The AMBER centre has been set the task of creating scratch-free surfaces to overhaul the optics and auto industries as part of an €8.2m EU fund.
Trinity College Dublin’s (TCD) AMBER centre has done pretty well for itself over the years, and is now set to receive new funding to pilot the mass production of anti-reflective, scratch- and abrasion-resistant surfaces that can be applied on camera lenses, car components and mobile phones.
Current anti-reflection solutions typically rely on thin-film coatings comprising multiple layers of materials deposited onto each and every reflecting surface along the optical path.
Production methods for this technology in its current state are not commercially viable as they are energy-intensive and highly precise.
Called Sun-Pilot, the €8.2m project will span four years, raised mostly from the EU Horizon 2020 (H2020) programme, with an additional €1.1m coming from industry.
Its focus will be developing new technologies for the optics and automotive industries, where strong surfaces are expected to have the greatest impact.
Largest TCD funding to date
Led by AMBER’s senior research fellow, Dr Parvaneh Mokarian, the project will involve 13 partners from six European countries, with AMBER receiving €2.1m of the total sum.

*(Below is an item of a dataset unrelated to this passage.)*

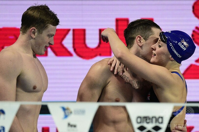 【8月6日 AFP】第16回世界水泳選手権(16th FINA World Championships)は5日、ロシアのカザニ(Kazan)で競泳混合4×100メートルメドレーリレー決勝が行われ、英国が3分41秒71の世界記録で金メダルを獲得した。
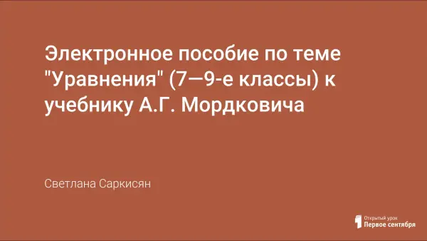 Данное электронное пособие призвано помочь педагогу и учащимся при прохождении и при итоговом повторении темы "Уравнения" в 9-м классе. В пособии представлены некоторые факты из истории алгебры, теоретические сведения, необходимые для решения различных видов уравнений, подробно разобраны примеры; приложении представлены дифференцированные карточки для закрепления пройденного материала и для самостоятельной работы.

This makes it the largest amount TCD has received as part of a collaborative H2020 project.
“Sun-Pilot will look to reduce the cost of anti-reflective precision optics manufacture by at least 75pc by replacing complex and demanding anti-reflective multilayer coatings with a single nano-patterned surface,” Mokarian said.
“We are confident that our research will have a major impact for both the optics industry and in the automotive industry.”
Cheap to make
Sun-Pilot will develop the new anti-reflection and scratch-resistant technologies using the Zeroptica surface nano-patterning process developed and patented by Mokarian in AMBER, which can be applied across a range of materials.
The technology is based on structured molecular units called block copolymers, which can deliver self-assembled nano-patterned masks onto any curved surface or other large areas such as solar cells.
“It is also cheap and doesn’t require any expensive equipment,” Mokarian added.
“Other available techniques used today either use harsh chemicals for patterning, which are not environmentally friendly or require expensive equipment or can only be applied on flat surfaces.”
Its uses within the auto industry could involve developing nano-patterning moulds for injection moulding of plastic parts to achieve functionality such as soft touch or enhanced colour.